Posted by 1105, 07-29-05
Posted on Fri, Jul. 29, 2005

Calif. lightning strike kills Scout leader

JULIANA BARBASSA

Associated Press

FRESNO, Calif. - Lightning struck a group of Boy Scouts taking shelter from a storm, killing the troop leader and leaving a 13-year-old scout brain-dead, authorities and the teen's grandfather said Friday. Seven others were injured.

Ryan Collins, 13, was was being kept on a ventilator so that his organs could be donated, said the grandfather. "He would never recover or anything else," Bill Collins said.

Collins said his grandson was a scout for three or four years and loved the outdoors.

"He was a fabulous boy. He was doing what he loved to do," Bill Collins said. "It's just a tremendous shock to everybody."

The strike happened Thursday in Sequoia National Park, and at least one of the injured was kept alive only because the troop managed to administer CPR for an hour, park ranger Alex Picavet said Friday.

"That's amazing," she said. "It's very difficult. It's probably because of their Boy Scout training."

Ryan Collins was listed in critical condition at the University Medical Center in Fresno, but his family appeared to have given up hope Friday.

"We just lost our son," mother Sue Collins said after rushing to the hospital in Fresno where some of the scouts were airlifted.

The assistant scoutmaster, Steve McCullagh, 29, was killed instantly when the bolt struck Thursday afternoon, the Tulare County coroner's office said.

"He didn't even make it off the mountain," Sue Collins said, crying along with her husband and younger son at the hospital. "It's horrible. It's a fluke."

The scout group from St. Helena, which Picavet said included five adults and seven teenage scouts, was hit when a lightning bolt made a direct strike on one of the two tarps they had set up in a meadow.

Two teenagers ran 25 minutes to a ranger station, and five helicopters flew in to evacuate the group.


Posted by scotthiker2, 07-29-05
Why were they in the meadow? I always move into the trees and stay low. Seems like most of the literature instructs people to get out of open spaces (meadows, near lakes, above timberline, etc.)

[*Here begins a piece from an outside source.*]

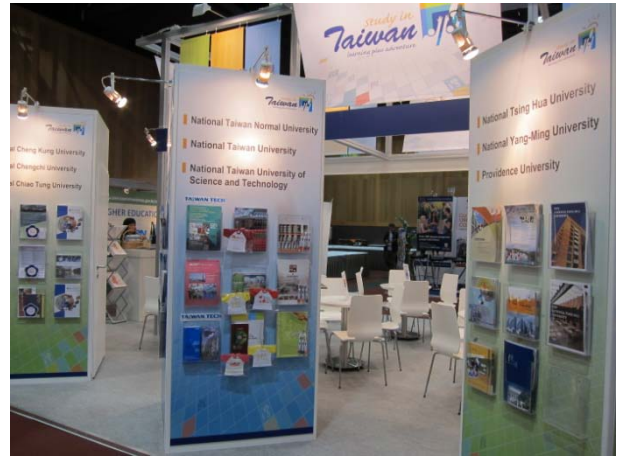
台灣攤位與文宣牆

I don't want to be second guessing, but I am wondering why the Boy Scouts apparently did not take shelter in the trees? Were they on the move or were thay planning to stay there (in the meadow) for the duration of the storm.

Seems like we have had a two or three deadly Boy Scout incidents this week across the nation.


Posted by a_treehugger, 07-29-05
Was wondering the same thing. What really happened at Sandy Meadow? Were they in the trees or out in the open of the meadow?


Posted by Memory Lapse, 07-30-05
Getting under trees is not a recommended safe haven but neither is setting up a tarp with what I assume was some type of pole.


Posted by scotthiker2, 07-30-05
I would agree that getting under a few lone trees does not provide safe haven. However, I have never read of any deaths (attributable to lightning) when people have taken cover under a forest canopy. I have often read stories of numerous cows getting killed by lightning while they were resting under a tree. I think in all those cases, the trees were few and far between.

Also, during an intense lightning storm I would advise that people spread out and not group together. At least that way if someone gets hit, the damage is limited to one person (not to trivialize it.)

Sometimes I consider myself lucky to have survived so many lightning storms above 13,500' in Colorado (high altitude surveying work.) Since lightning originates both from the sky and the ground (and merge to meet one another in the air) it could be that I just don't have enough of a positive charge. I would not bet my life on that theory, however.


Posted by 1105, 08-01-05
Newspaper article published 7/30/05;
Scouts did what they could to reduce risks
By David Castellon
Staff writer at the Visalia Times Delta Newspaper

There are many things hikers and campers can do to reduce their chances of getting struck by lightning, and a group of a dozen Boy Scouts and adults hiking in the Sequoia National Park back country Thursday did just about all they could to reduce their risks, a park official said.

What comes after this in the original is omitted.